Lets not forget who wags whom, to this date still. If gas prices become too expensive for Wal-Mart shoppers, gas prices will either go down or increase at a much more moderate pace, which is good for stocks in both cases because the stock market has shown that it is willing for now to adapt to continuously increasing oil prices, as long as the pace of the increase is not too fast. There's not much upside for oil and not that much downside for stocks but there's substantial upside for bonds that have demonstrated their strength today.
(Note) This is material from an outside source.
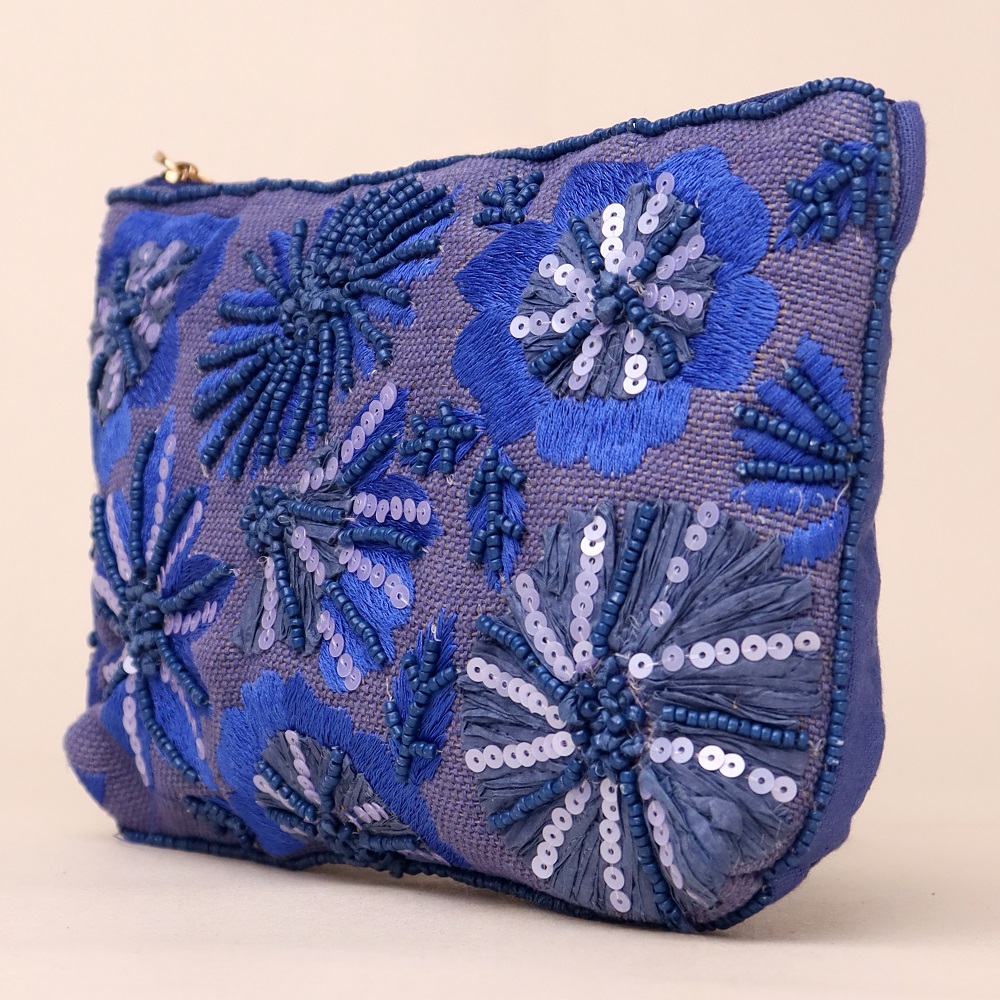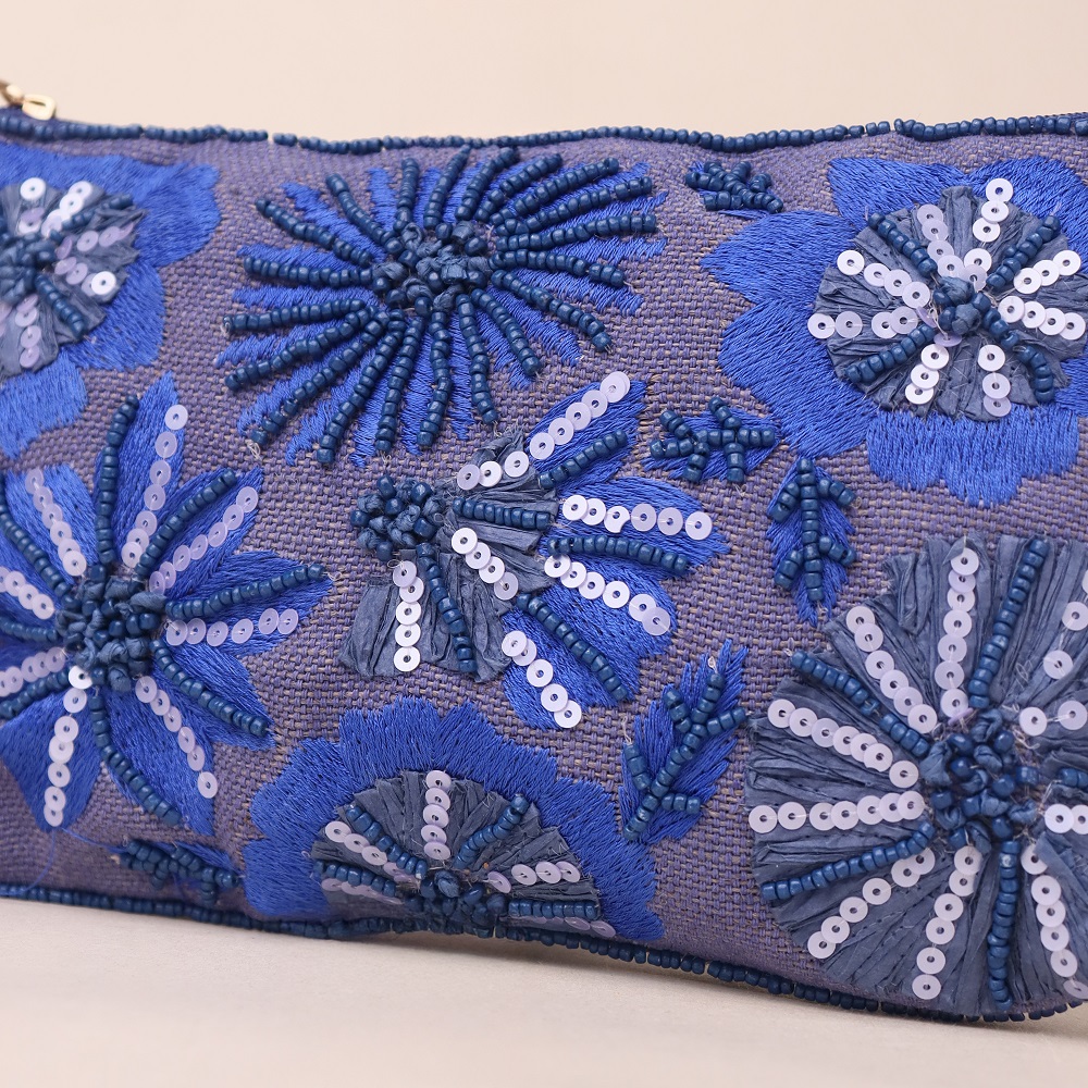 Celebrate the allure of handcrafted elegance with this richly embroidered pouch featuring vibrant floral motifs in shades of midnight and electric blue. Embellished with sequins and threadwork, the pouch captures the beauty of a starry evening garden. Lightweight and compact, it's ideal for storing your essentials in style—whether you’re stepping out for brunch or heading to an evening soirée.
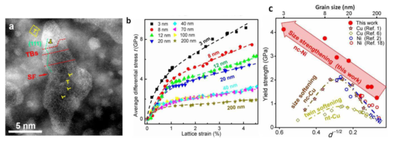在此次研究中,上海高压科学研究中心的周晓玲博士和许家宁博士利用金刚石压砧(diamond anvil cell)和径向X射线衍射方法,测量在高压环境中多种晶粒尺寸的纯金属镍的偏应力随晶格应变的变化关系、以及屈服应力与晶粒尺寸的定量关系,如图1所示,发现超细金属镍(晶粒尺寸为3nm)的屈服强度达到4.2GPa,是常用金属镍的10倍,最大流应力可以达到10.2GPa;重庆大学材料科学与工程学院的冯自强博士等通过扫描电镜观察到在3nm晶粒内部存在的位错、层错和孪晶。

They have been going down in the past few weeks on renewed confidence in the strength of the economy (and the likelyhood of higher interest rates)and are likely to go back up now that confidence is erroding somewhat with high oil prices. Being long Treasury futures/options seems to be the safest bet to profit from the situation that was depicted today.
So uhhh, where are all those profits from shorting the market (other than the oil stocks themselves!)???
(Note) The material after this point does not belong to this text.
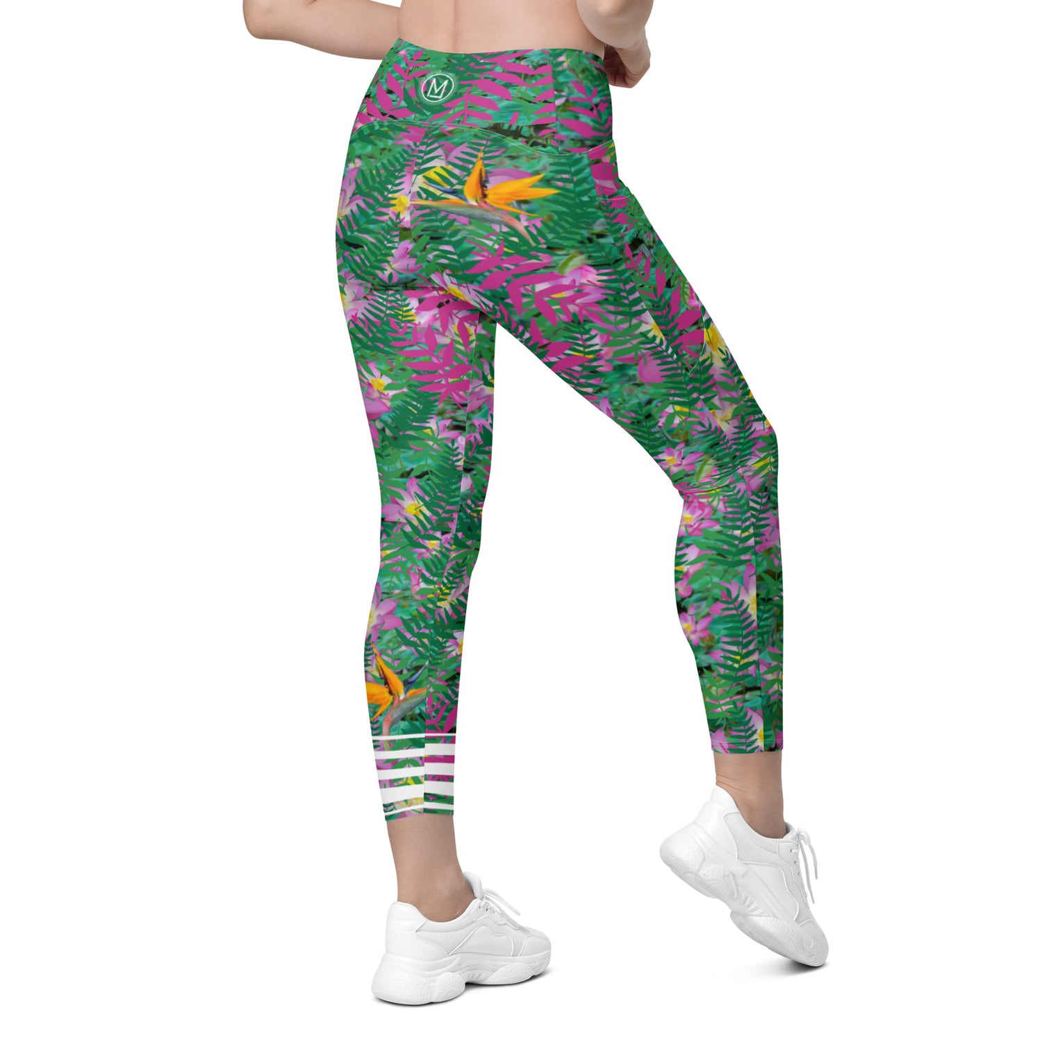 These leggings feature a flattering high-waisted cut, are exceptionally comfortable, and come with two practical side pockets. These stylish leggings are perfect for running, walking, yoga, gym, dance, pilates or for everyday wear around town.

Anyone in the camp that we are in an oil bubble. Data seems to suggest the current rise in prices are overdone: eg-US crude inventories up 10% year over year. DS
Oil now down -3.41%, Dow up 0.48%. Now what if the down reverses and closes lower, and oil stays down. Oh my what will the financial media have to say. Oh heck blame in on PPI.
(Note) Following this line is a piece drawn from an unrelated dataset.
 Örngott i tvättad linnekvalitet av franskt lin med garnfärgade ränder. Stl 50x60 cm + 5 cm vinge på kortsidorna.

Well I sure didn't get rich off my own call that was right on the money. You can know the direction, know the top\bottem and still not make a ton of money...becuase of overtrading, and trying to catch every wiggle. Anyway, my call stands - oil has gone parabolic if you look at a 20 year chart. More importantly, the retail price of gas at the pumps has gone parabolic if you look at the same long-term chart. And all the sudden, there has been a burst of bearish comments coming from some very powerful people (Greenspan, etc.). And RE has topped as well. Its all downhill from here. Unless governments from all over the world figure out a way to arrest the rise of oil prices - they can do it - if they want to.
Yep. Supply and demand will always discover an equilibrium. It was the low prices (oil in the low teens) that caused many of the capacity shortages we see now. If oil stays here long enough, just about the time people stop driving will be when producers find ways to flood the market.
I totally agree with this. However, oil is the least "perfect" commodity. It's price often has little to do with demand, supply, production costs, etc. But economic law still holds with manipulated markets.